At first glance, the solution I’d pick seems simple. Add document versioning, have the server send the version number when it sends the document, and have the client send back the version number it believes to be the latest version as part of the update request. If the numbers match, fantastic, you’re good to go. If not, the server should reject the operation, and then the client has to figure out some way to inform the user and let them figure out a way to resolve the conflict.

/article/{articleId}
  patch:
    parameters:
      - in: path
        name: articleId
        schema:
          type: integer
        required: true
      - lastVersion:
        description: The last known version of the document
        type: number
        required: true
        example: 42
      - body:
        description: The new text to replace the existing document
        type: string
        example: Hello dark and stormy world.
      responses:
      '200':
        description: OK
      '416':
        description: lastVersion does not match latest version

But this is of course a totally custom solution, and for a problem as common as this, I bet there are some established conventions out there that can handle this problem. After all, there’s no need to reinvent the wheel. Let’s explore a few.

The No Versioning Solution

Let’s say adding the history of the document is too much to ask of the server or database design. Well, surely you’ve at least got a “last modified” timestamp in there somewhere, right? Turns out, there’s a solution we can used built in to the HTTP request spec: If-Unmodified-Since.

Essentially, all we have to do is send the time that that last update was created, and if there have been no changes since the specified time, the server then accepts the request to update.

/article/{articleId}
  patch:
    parameters:
      - in: path
        name: articleId
        schema:
          type: integer
        required: true
      - name: If-Modified-Since
          in: header
          required: true
          description: Timestamp of the last response.
          type: string
          example: Sat, 29 Oct 1994 19:43:31 GMT
      - body:
        description: The new text to replace the existing document
        type: string
        example: Hello dark and stormy world.
      responses:
      '200':
        description: OK
      '416':
        description: If-Modified-Since lower than latest version

There are a couple problems with this approach, however.

First, the client can simply set the time to the end of the universe, and this will override the safety check or requiring a timestamp. You should always assume that at some point, someone using your API will misuse it. People don’t use APIs because they want to follow elegant design. They use APIs because they want to get something done. And if setting this property to the end of time means they don’t have to bother with managing last known times, it means they can get to their desired goal of updating the document faster and with less cognitive load. Your API should protect the client from making poor decisions whenever possible.

The second issue is how timestamps are handled in HTTP land. HTTP dates are strings whose smallest unit of time is seconds. If you have multiple updates within the same second, data loss will still happen as the second request overwrites the first.
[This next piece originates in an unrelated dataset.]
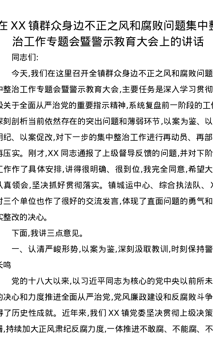 在XX镇群众身边不正之风和腐败问题集中整治工作专题会暨警示教育大会上的讲话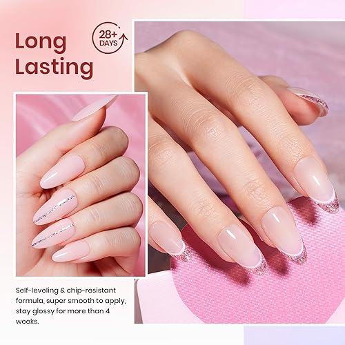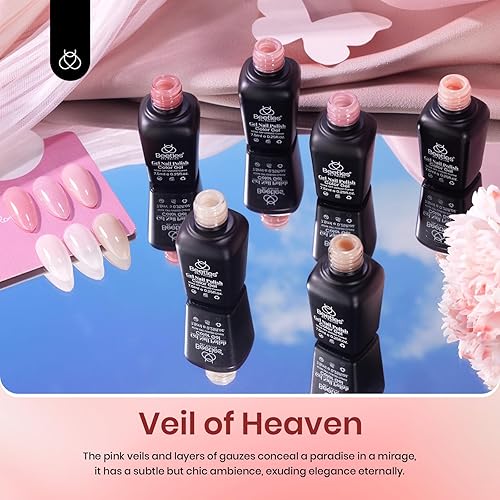 Beetles Gel Nail Polish Set, 6 Colors Jelly Gel Polish Nude Pink Gel Neutral Nail Art Design Translucent Gel Nail Kits Soak Off Uv Nail Lamp Cured Nail Manicure DIY Home for Women

And if you’re following the standard, you MUST use standard HTTP dates:

A recipient MUST ignore the If-Unmodified-Since header field if the received field-value is not a valid HTTP-date.

No Milliseconds since Unix Epoch for you! Is it likely that two clients will try to update at exactly the same second? No, probably not. But when designing systems, why take that chance? We can do better.

Etags!

There’s another HTTP standard header we can use instead: Etag (stands for ‘entity tag’). The server sends out an Etag whose value somehow represents the last version of the document. How that representation is formed is up to you. You can use a simple version number, like in my naive solution, you can use Milliseconds since Unix Epoch, or you can use something more complex if that better suits your needs.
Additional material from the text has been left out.